The plausibility of this view derives principally from the metaphysical assumption that there are properties, in the sense of subsistent entities, which attach to existent particulars, but which might without absurdity be supposed to attach to nothing.
These metaphysical entities, variously named Ideas, Notions, Concepts or Universals, may be divided into two kinds, sensuous and supersensuous.[†] The sensuous are those which may be apprehended by the senses, such as ‘red’, ‘cold’, ‘round’, ‘swift’, ‘painful’, and the supersensuous, those apprehended not in sensuous perception but otherwise. Logical relations, ‘necessity’ or ‘impossibility,’ and such ideas as ‘willing’, ‘end’, ‘cause’, and ‘being three in number’, have in this way been supposed to be directly apprehensible by the mind. Amongst these supersensuous Ideas good is to be found.
Nothing could be simpler than such a view, and to many people the subsistence of such a property of goodness appears not surprising. But to others the suggestion seems merely a curious survival of abstractionism, if such a term may be defended by its close parallel with obstructionism. A blind man in a dark room chasing a black cat which is not there would seem to them well employed in comparison with a philosopher apprehending such ‘Concepts’. While ready for convenience of discourse to talk and even to think as though Concepts and Particulars were separable and distinct kinds of entities, they refuse to believe that the structure of the world actually contains such a cleavage. The point is perhaps undiscussable, and is probably unimportant, except in so far as the habit of regarding the world as actually so cloven is a fruitful source of bogus entities, usually hypostatised words. The temptation to introduce premature ultimates—Beauty in Æsthetics, the Mind and its faculties in psychology, Life in physiology, are representative examples—is especially great for believers in Abstract Entities. The objection to such Ultimates is that they bring an investigation to a dead end too suddenly. An ultimate Good is, in this instance, just such an arbitrary full stop.
It will be agreed that a less cryptic account of good, if one can be given, which is in accordance with verifiable facts, would be preferable, even though no means were available for refuting the simpler theory. Upholders of this theory, however, have produced certain arguments to show that no other view of good is possible, and these must first be briefly examined. They provide, in addition, an excellent example of the misuse of psychological assumptions in research, for although a psychological approach is often of the utmost service, it can also be a source of obscurantism and over-confidence. The arguments against any naturalistic account depend upon the alleged results of directly inspecting what is before our minds when we judge that anything is good. If we substitute, it is maintained, any account of good whatever for ‘good’ in the assertion, ‘This is good’—for example, ‘This is desired’ or ‘This is approved’—we can detect that what is substituted is different from ‘good’, and that we are not then making the same judgment. This result, it is claimed, is confirmed by the fact that we can always ask, “Is what is desired, or what is approved, good?” however we may elaborate the account provided, and that this is always a genuine question which would be impossible were the substituted account actually the analysis of good.

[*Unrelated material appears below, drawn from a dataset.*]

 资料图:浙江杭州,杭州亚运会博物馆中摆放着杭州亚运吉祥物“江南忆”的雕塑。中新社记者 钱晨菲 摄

The persuasiveness of this refutation is found to vary enormously from individual to individual, for the results of the experiments upon which it relies differ. Those who have accustomed themselves to the belief that good is a supersensuous simple Idea readily discover the fraudulent character of any offered substitute, while those who hold some psychological theory of value, with equal ease identify their account with ‘good’. The further question, “When and under what conditions can judgments be distinguished?” arises, a question so difficult to answer that any argument becomes suspect which depends upon assuming that they can be infallibly recognised as different. If for any reason we wish to distinguish two judgments, we can persuade ourselves, in any case in which they are differently formulated, that they are different. Thus it has been thought that ‘a exceeds b’ and ‘a is greater than b’ are distinguishable, the first being supposed to state simply that a has the relation ‘exceeds’ to b, while the second is supposed to state that a has the relation ‘is’ to greater which again has the relation ‘than’ to b.[*] The conclusion to be drawn from the application of such methods to the problem of the meaning of Good would seem to be that they are not competent to decide anything about it—by no means a valueless result.

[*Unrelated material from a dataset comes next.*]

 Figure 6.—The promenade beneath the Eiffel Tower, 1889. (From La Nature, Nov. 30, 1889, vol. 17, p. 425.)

Since nothing can be concluded from a comparison of ‘This is good’ with, let us say, ‘This is sought by an impulse belonging to a dominant group’, let us see whether light can be gained by considering analogous instances in which special distinct ideas have for a time been thought indispensable only to yield later to analysis and substitution. The case of Beauty is perhaps too closely related to that of Good for our purpose. Those who can persuade themselves that Good is an unique irreducible entity might believe the same of Beauty. An episode in the theory of the tides is more instructive. It was once thought that the moon must have a peculiar Affinity with water: When the moon is full the tides are higher. Clearly the seas swell in sympathy with the increase of the moon. The history of science is full of mysterious unique entities which have gradually evaporated as explanation advanced.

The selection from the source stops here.